At first I thought it was silly for Sonja to be torn up about Lu and Tom, but then I thought about it from my own shoes. I would have hated it if a guy I was hooking up with on occasion suddenly got engaged to a good friend of mine. That is shady as hell.

 

I really don't get this.  First let me say that I don't think Sonja and Tom were "friends" w benefits.  I think over the years they ended up alone at 'last call' and took it from there --my sense is maybe a dozen or so times. (and she did say when he wasn't in a relationship--so he wasn't cheating--a plus for Tom)   I don't think they were "friends" in the sense that they talked outside of that, hung out, etc.   They hooked up occasionally. period.  
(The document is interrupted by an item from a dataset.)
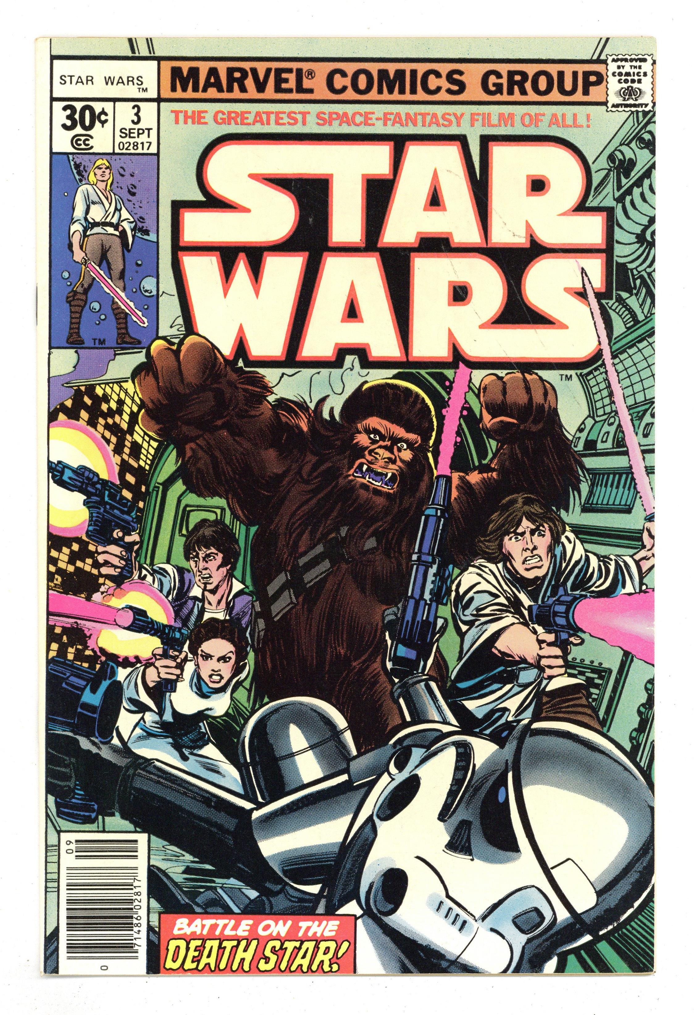 1st printing, standard 30 Cent Newsstand Edition with UPC. A New Hope: Part 3 of 6. "Death Star!" Based on the screenplay by George Lucas. Adapted by Roy Thomas. Art by Howard Chaykin and Steve Leialoha. The evil Galactic Empire tests its ultimate weapon on Princess Leia's homeworld with devastating results. Meanwhile, Ben Kenobi begins Luke Skywalker's training in the ways of the force. However things take a turn for the worse when the Millennium Falcon is captured within the unrelenting grasp of the Death Star's tractor-beam. Now, it's up to this small motley band of heroes to mount a daring rescue attempt of the Princess from within the very bowels of the Empire's most powerful weapon. Cover price $0.30. Grade: NM- 9.2 explanation of grade Condition: Used (collectible)
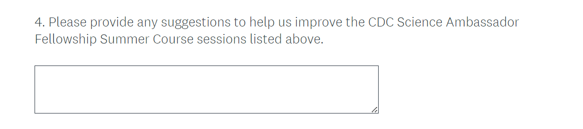 Attachment 2. 2024 CDC Science Ambassador Fellowship Summer Course Survey Screenshots

So I'm not sure what any woman would expect from that 'relationship'.  It sounds super-casual, totally non-committal and two consenting adults out looking for love but settling for sex at the end of the night.   Did Sonja really think that she had a chance with this guy for anything else??  If she thinks these incidental hook-ups have chance to a possible real relationship then she's got some growing up to do.  Don't play like it's just sex and then get hurt when the guy finds a girlfriend and it's not her, even if it is a friend of hers.     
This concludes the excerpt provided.